Teaching Globalization

Originally uploaded by Tobias Higbie.

Yesterday I was up in Alsip, Illinois, at the IBEW Apprenticeship school to help out with our “Solidarity 101” program. This is a two-day crash course in Labor Studies taught by the Labor Education faculty. We are outsiders coming into an ongoing educational process, and we get the good and the bad from that position.

My role in this program has been to teach sessions on contemporary economics, particularly on globalization. That’s right, globalization in 2 hours. I’ve been jiggering my lesson since day one, and finally have found something that works: a lesson plan by Bill Bigelow called the “Transnational Capital Auction,” which is in two of his books, Rethinking Globalization and The Line Between Us: Teaching about the Border and Mexican Immigration. You can get it from Rethinking Schools.

It’s a remarkably effective lesson plan for explaining the “Race to the Bottom” concept, and for understanding the pressures on developing nations to lower their living standards. It’s also a very hands-on example of how ideology works to conform social actors to the needs of capital.

Students break into teams. They play the role of ruling elites in developing, post-colonial nations. I play the role of Transnational Capital. The goal is to get some development capital into your country. Over five rounds, teams bid on my investment. Bids are figured through a set of social indicators (minimum wage, child labor, worker rights, and environmental laws, and taxation on profits). The worse your social indicators, the higher your “friendly to capital” score. But you can’t just grind your people into the ground. The team with the third highest “friendly to capital” points gets the most “Game Points,” which is what you need to win. This last rule makes the game more strategic and more engaging for students. But the educational point is that “Capital” wants a balance between poverty and order. Too much poverty brings disorder, and potential revolution, and that’s bad for capital. The students “get it.”

During the bidding, I circulate around the room reiterating the basic outlines of the game, collecting bids, and promoting the interests of capital: “remember, winning is everything;” “remember, you have to compete against the other teams, you don’t want those other countries to get ahead of you, do you?” I notice that most are opting strategically for high wages and bad conditions–“at least we’ll eat,” they say. “What is the largest piece of an employers budget?” I ask. “Wages and benefits,” they say. In the next round, minimum wages drop.
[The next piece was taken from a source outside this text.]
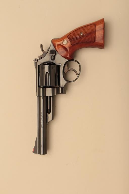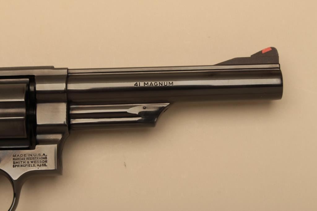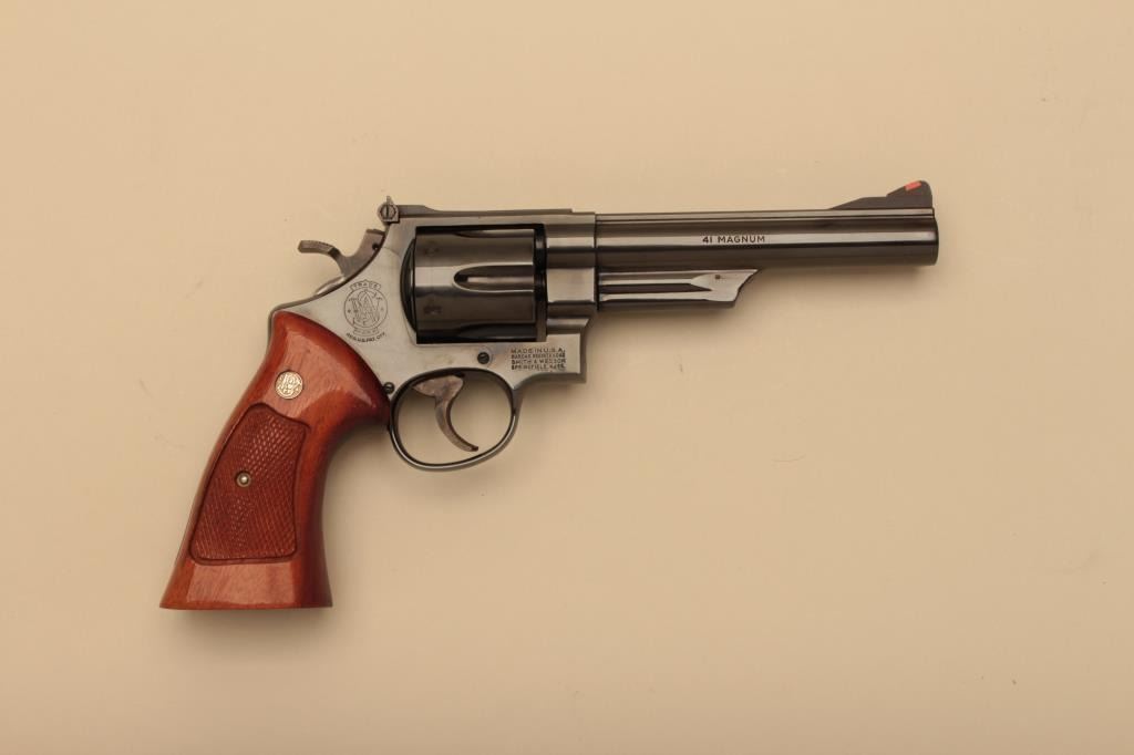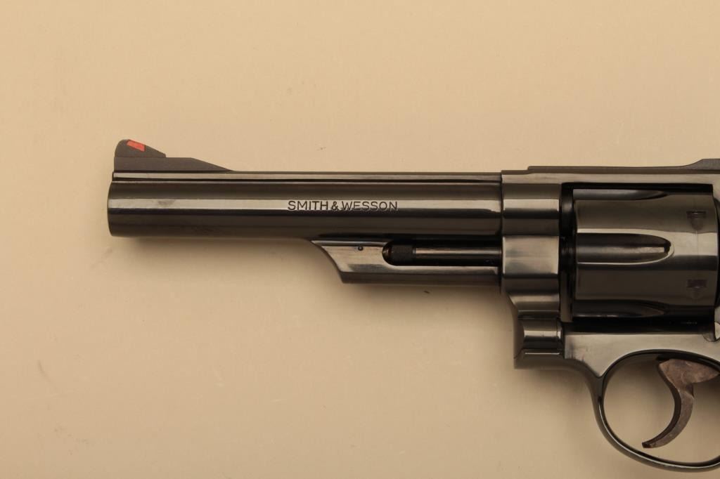 Smith & Wesson Model 57 revolver, .41 Magnum caliber, Serial #33134. The pistol is in fine overall condition with a 6” barrel with a red ramp front and adjustable rear sights. The pistol retains nearly all of its bluefinish with light handling marks and a faint drag line on the cylinder. The hammer and trigger show beautiful muted case hardening. The checkered wood medallion grips are in good condition with sharp checkering and asmall chip missing at the base of the grip. The bore is very good, the action crisp and markings are sharp on this desirable, no dash Model 57. Est.: $750-$1,500. (Modern).

The trend of game is usually the same: the friendly to capital scores go up round after round, sometimes dramatically as teams try to catch up or strategically bid high to win some Game Points. Their bid in the final round, you tell them, is what their people will have to live with. “So what is life like for common people in your country now?” I ask. Minimum wage of 25 cents an hour, no child labor laws, troops stationed in the factories. In short, “Hell,” they respond.

Time’s up. Go to your next class. Half the class stays with me, the other is off to learn about the impact of recent elections on labor law, etc.

My sections replay the Auction, this time not as elites but as representatives of workers, farmers, etc. They struggle to do well by their constituents, but the logic of the game moves them toward declining wages and conditions. “Remember, winning is everything” I say in my role as “capital.” One team asks alound, “What if we all got together. We could agree on minimum wages.” I stop talking and try to hide in the corner so they can organize. The response from other teams: “now you say that, but you were just trying to cut our throats. It’s every man for himself”–this is actually said by one of the few women in the room. “Winning is everything,” I say trying hard to be ironic. But the game moves on to the inevitable conclusion: “hell.”

In the wrap up, the students talk about how they felt powerless to resist the logic of the game. We talk about what life would really be like for workers under these conditions, and what people might do in response. They might leave their homes and come to the US, someone says. But there really isn’t enough time to go into a long discussion, just enough to reiterate that “capital” is seen as “America” in many parts of the world, and to mention something about Lula and other leaders who are trying to avoid what they just did: play the transnational capital auction for the benefit of common people. Not so easy to do.